China's debt trap increases amid budget deficit, BRI roadblock

WION Web Team New Delhi Jul 09, 2020, 08.39 PM(IST) Written By: Palki Sharma

Belt and Road Initiative. Photograph:( Others )

Story highlights

A report in 2017 estimated China needed $5 trillion dollars in the next five years to keep the BRI project going

China’s boom has been powered by debt as the Communist Party began chasing superpower status with a credit card and the world knows when you buy something with a credit card, you are spending money that you don’t really have and one day you will have to return it. 

The Communist Party has set ambitious targets for itself. It wants to dominate this century and wants to be the ultimate superpower by dethroning America. It's a mission requires cash and a lot of it.

There are three telltale signs that the Dragon is running out of cash. Firstly, China's tax revenue growth has dropped. In 2018, tax revenues grew by 6.2 per cent. In 2019 it was less than four per cent. Secondly, China's budget deficit is growing. It touched almost five per cent last year but the world knows these figures are fudged.

The International Monetary Fund(IMF) says the shortfall is not five per cent but more than 12 per cent and finally, the Belt and Road is full of roadblocks even before the pandemic, it was widely believed that it was an over-ambitious plan. 

In 2016, China gave 46 loans worth well over $1 billion dollars all of it went for overseas investment projects. In 2018, China only funded 28 projects and now, due to the coronavirus projects have been delayed. 

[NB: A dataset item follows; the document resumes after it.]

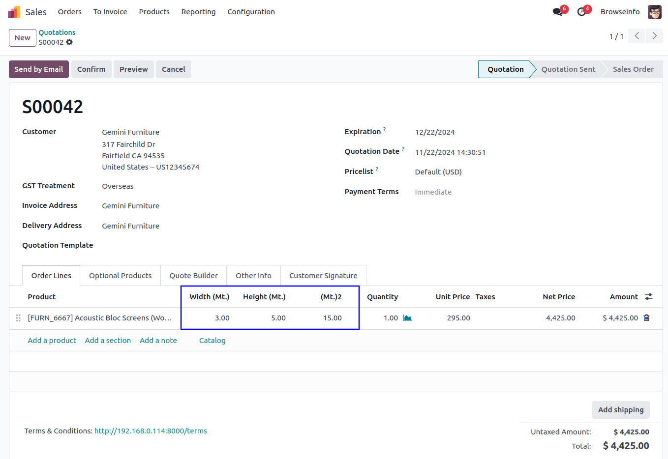 While creating Quotation, Salesman can add height(Mt.) and width(Mt.) of product in order line, by default "Sale Price for (M2)" selected on order line.
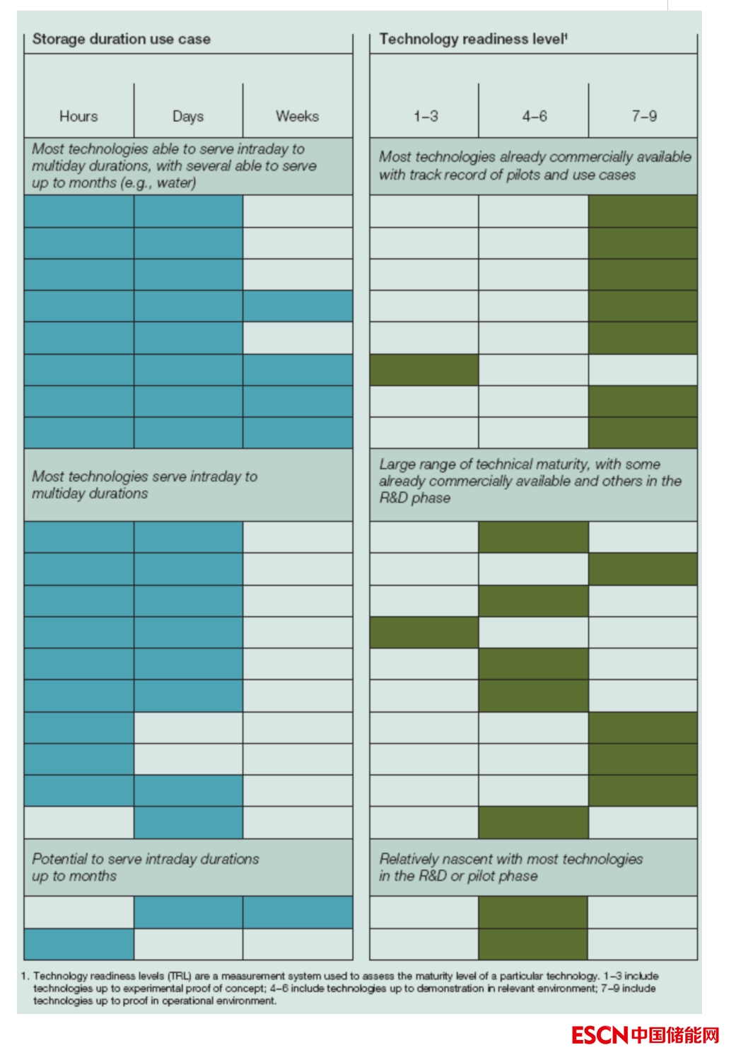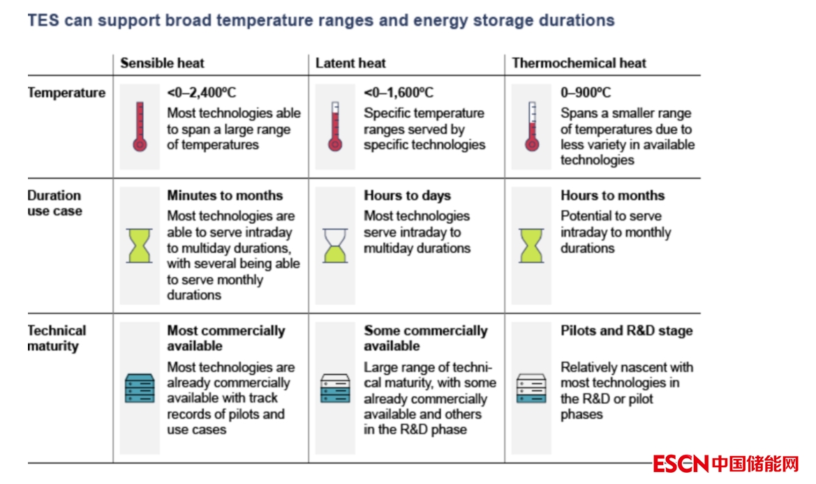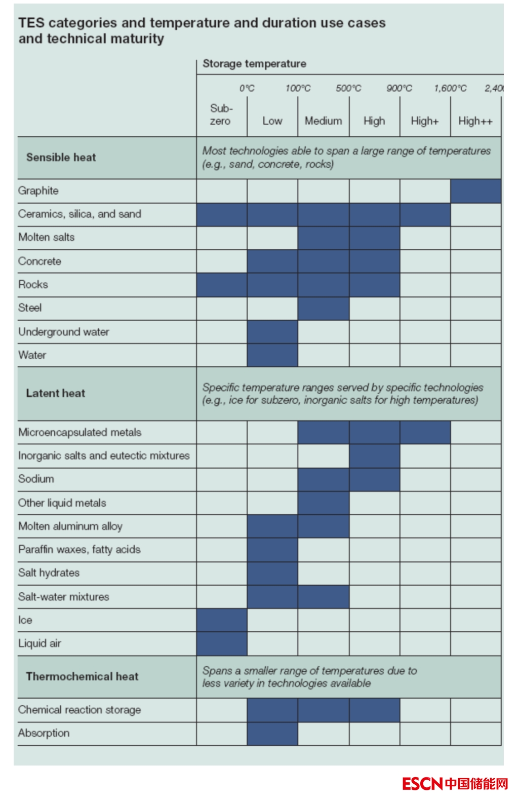 表1 熱儲(chǔ)能類別、溫度和持續(xù)時(shí)間用例和技術(shù)成熟度

There are also demands for debt relief as some countries have even shelved projects. The BRI project is Xi Jinping’s dream but, it could now become the reason for his downfall. The reason is simple - it costs too much. 

A report in 2017 estimated China needed $5 trillion dollars in the next five years to keep the BRI project going which basically means BRI’s five-year budget from 2017 to 2022 is $5 trillion.  

The Chinese state and its subsidiaries have lent around $1.5 trillion to 150 countries in the form of direct loans making China the world’s biggest lender in the world- bigger than the World Bank or the IMF. 

China-backed international institutions have also pitched in including China’s silk road infrastructure fund, the Asian infrastructure investment bank and the new development bank based in Shanghai. 

According to numbers from 2017, their contribution is around 190 billion dollars. 

However, there are no answers on how China is getting the rest of the money but Beijing has a bigger headache right now which is the demand for debt relief from countries which cannot afford to pay right now. 

At home, China is struggling with banks in poor health and abroad Chinese cash has gone to high-risk countries. The organisation for economic co-operation and development(OECD) ranks countries based on their risk profile.

In the list of 20 names, 17 can be deemed as high-risk who have weak credit ratings. The risk of default is very high since the Belt and Road Initiative began China has lent up to $350 billion to member countries. about half of them are high-risk debtors.

Several of them have called for debt relief in the last two decades even as China has embarked on a lending spree. It became the largest banker for the developing world but now it faces potential collapse.